The continuing adventures of Christopher Sinclair, mechanical engineer turned priest of war.

Christopher, raised from the dead and promoted to a moderate rank, takes command of the army regiment he trained and equipped. Sent south to an allegedly easy posting, he finds himself in the way of several thousand rabid dog-men. Guns and fortifications turn back the horde, but Christopher has other problems that cannot be solved with mere firepower: a wicked assassin; hostile clergymen; dubious allies including a bard, Lalania, with a connection to a mysterious group of scholars; and worst of all his own impolitic tongue. But all of these pale into mere distractions once he discovers the true enemy: an invisible, mind-eating horror who plays the kingdom like a puppet-master’s stage. Lalania claims she can help–but will it be enough?

Review:

Man, I’ve had a bit of a rough go at it lately. In addition to the previously DNF’d Since You Been Gone, I’ve also DNF’d a third book which I didn’t bother posting about here because it was a historical romance, something I’d picked up for a change of pace more than anything. As I said before, I don’t normally post DNF reviews because for the most part it’s a case of me not being the right reader for a particular book, it happens. I decided to make the exception for this book because as I noted in my Stacking the Shelves post: I loved Sword of the Bright Lady. It was on my favorites list from 2014. I loved the way it took an ordinary man and dropped him into a medieval world. I loved watching him trying to figure everything out. I loved watching him bring change like a tsunami washing over the land.  So when the publisher asked me if I wanted to read this, it was with great delight that I said yes.

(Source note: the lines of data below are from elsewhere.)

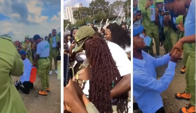 Muri videwo yasakaye kuri instagram, igaragaza aba basirikare babiri batera ivi imbere y’abasikarekazi babasaba ko bakwemera bakazabana ubuziraherezo.
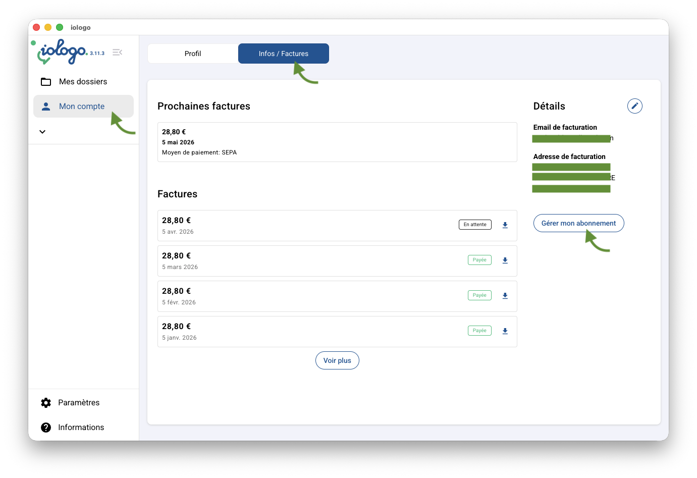 Ce lien d’accèsarrow-up-right vous permet de vous connecter à votre espace client. Sinon, rendez-vous dans iologo Mon compte -> Infos / Factures
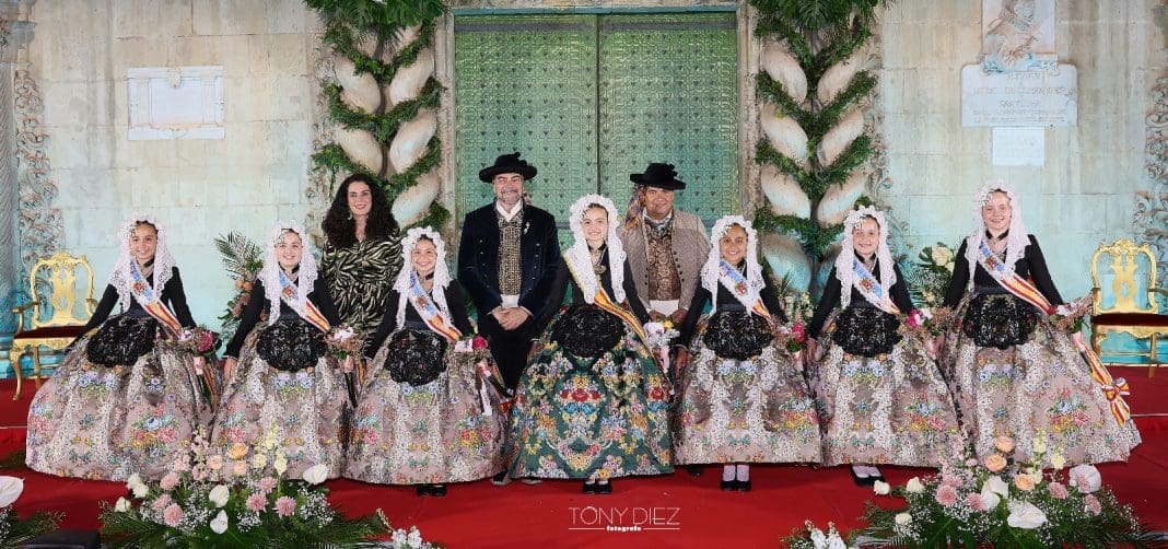 Junto a Valentina Tárraga también recibieron su banda las seis dames d’honor que la acompañarán durante todo su reinado: Adriana Torres Martínez, Sofía García Velasco, Elma García Javaloyes, Noa Torres García, Alba Otero Sereix y Carla Vicedo Morote. Todas ellas fueron seleccionadas hace apenas dos semanas en la plaza de toros de Alicante y compartieron protagonismo y emoción sobre el escenario.

And then I tried to read it.

The book picks up where the last off: Christopher has been resurrected after his ignominious defeat at the end of the last book. It’s decided that the only way to continue his mission is to elevate him to grant him status in more line with the position he holds and to give him more flexibility to do what needs to be done. Fair enough. But then the book spends almost entire first half feeling very much like a tutorial in things a newly minor noble needs to take care of. Expanding his armies, expanding his smithies, talking to important people. It’s all very mundane. The hostile clergymen show up in the first half, but by this point it still doesn’t feel like it’s leading up to anything. Ultimately, it’s taking way too long for such a short book to get going. It could still work if the characters were given enough to do to care about them enough to help push you through this set-up. Outside of one interesting (albeit very brief) scene with implied female-on-male sexual assault, however, that just doesn’t happen.

Ultimately, I feel like the story here has just ground to a halt and wasn’t worth continuing to press through. That said, I continue to recommend Sword of the Bright Lady which does work decently as a stand alone novel.